- Loading screen
- Publisher(s): Silicon Joy
- Writer(s): P. Boulton
- Platform(s): ZX Spectrum
- Release: EU: 1984;
- Genre(s): Management simulation
- Mode(s): Single-player

= Grand Prix Manager (1984 video game) =

Grand Prix Manager is a Formula 1 management simulation video game released for the ZX Spectrum in 1984. It was written by P. Boulton and published by Silicon Joy.

==Gameplay==

Screenshot showing sponsorship negotiations

Grand Prix Manager places the player in the role of the manager of a Formula 1 racing team, with the ultimate goal being to reach to highest management rating. This can only be achieved by winning the championship on the hardest difficulty setting.

The player can choose how many races to take part in over the course of a season, and after each race the player is presented with a race performance screen, followed by car upgrade options. Revenue is generated through sponsorship, however sponsors will base their investment on their satisfaction with previous race results. This income is used to hire mechanics and a driver from a set list of well-known Formula 1 drivers.

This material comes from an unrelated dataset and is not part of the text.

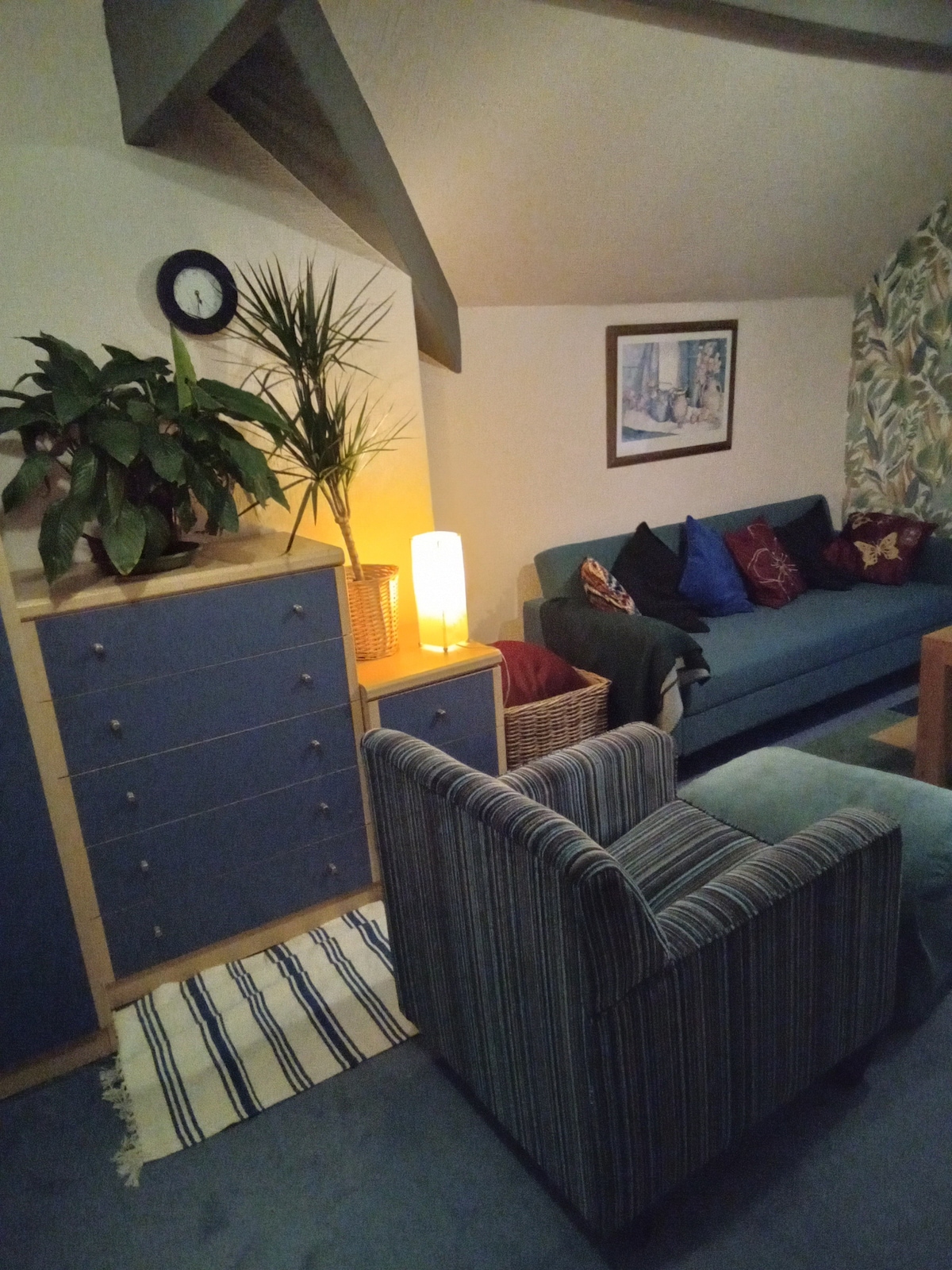 Nachází se v zahradě našeho domu se soukromou zahradou pro hosty. Přístup brankou do lesa a Lythamu. kuchyně s mikrovlnnou troubou, toustovačem, rychlovarnou konvicí, lednicí, dvouplotýnkovým vařičem, kávovarem. Ložnice s manželskou postelí, dveře do zahrady. Sprchový kout s vyhřívaným věšákem na ručníky, umyvadlem a toaletou. Salonek s TV, jídelním stolem a pohovkami. Krásné venkovní posezení s výhledem do lesa. Nabíječka na elektromobil za příplatek. Máme nejlepší dostupné širokopásmové připojení, ale může být ovlivněno počasím.
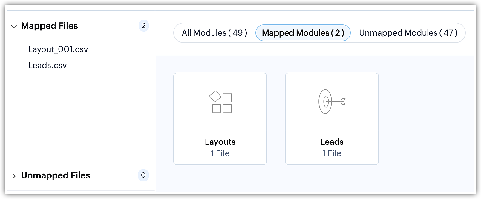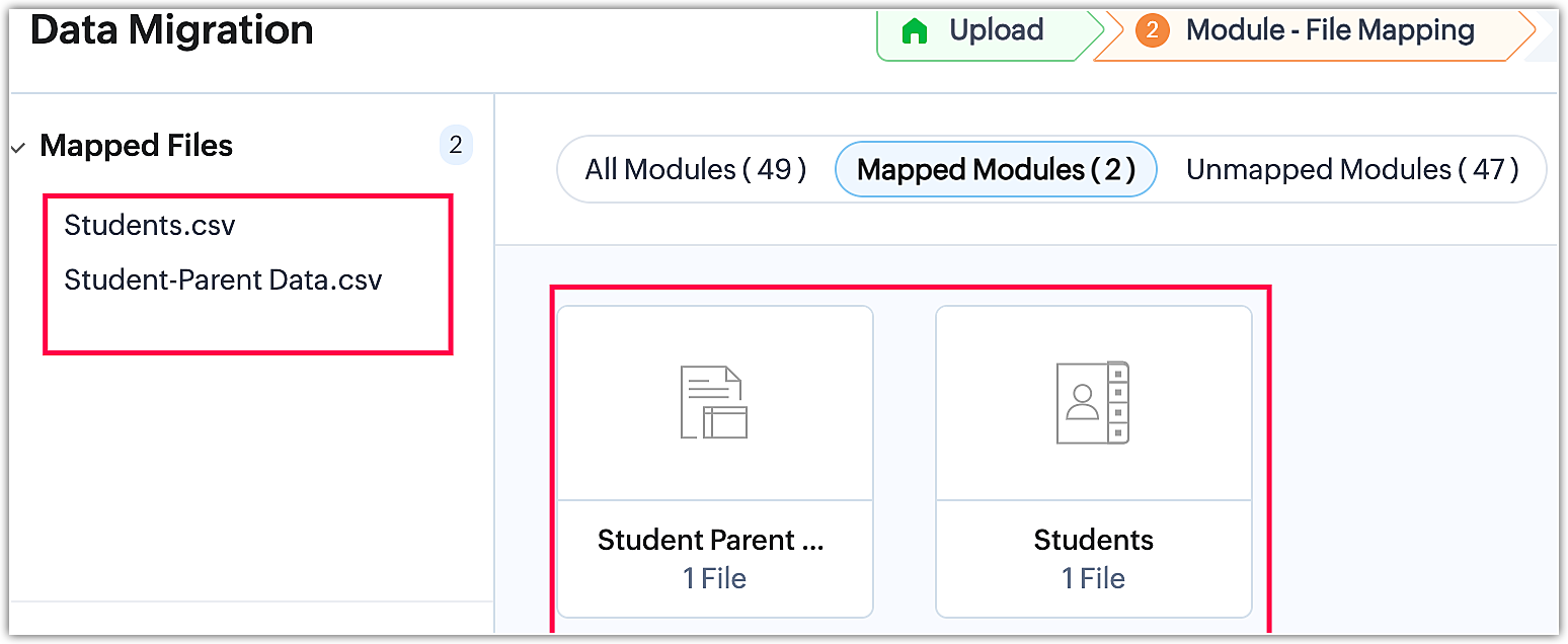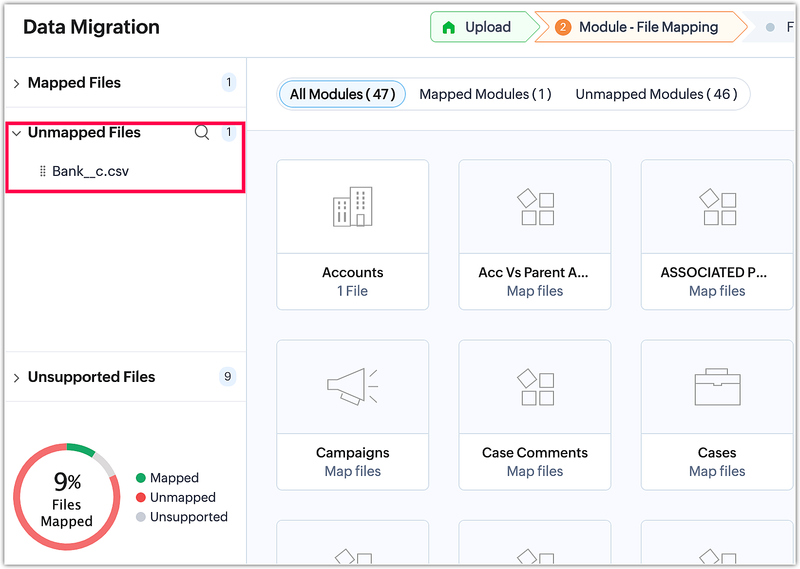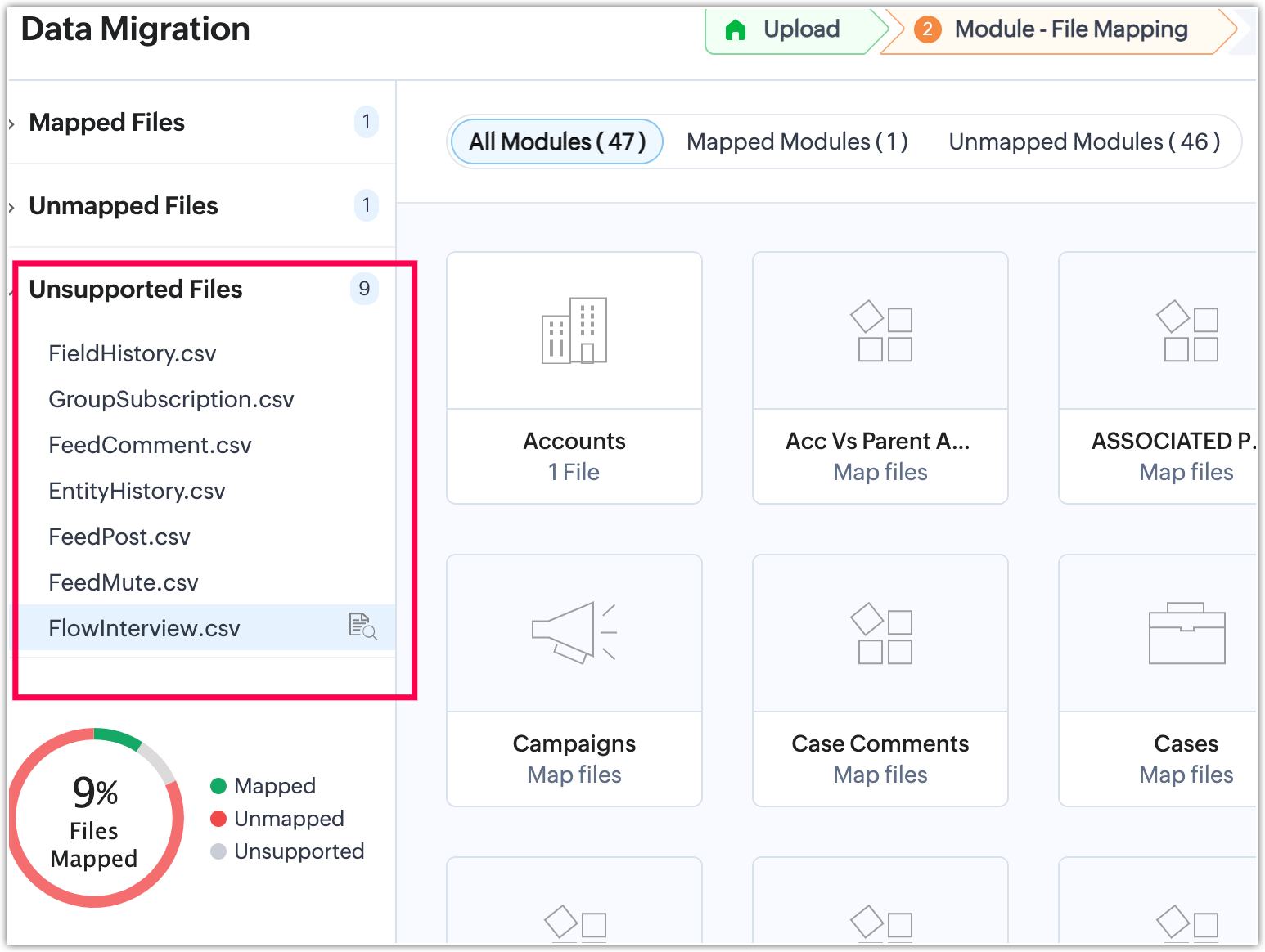 Pe de altă parte, fișierele nemapate sunt fișiere care conțin date, dar nu au fost încă legate de un modul existent sau create ca modul personalizat în etapa de mapare a modulelor. Mai mult, orice fișiere irelevante încărcate alături de un grup de fișiere sau în cadrul unui fișier zip vor fi recunoscute ca fișiere nemapate de sistem în timpul procesului de migrare.

The player makes choices from menu screens regarding aspects of the car such as the tires, depth of tire tread and angle of the rear wing, and is then shown highlights of the race.

==Reception==
Chris Bourne of Sinclair User found the game to be unimpressive, especially as it was from the same publisher as Football Manager. He found the in-race graphics to be motionless. He scored the game 1/10. Sean Cox of Big K was more positive towards the game, giving it a "KK" rating (maximum is "KKK"), and saying that people who enjoyed Football Manager would enjoy this game as well.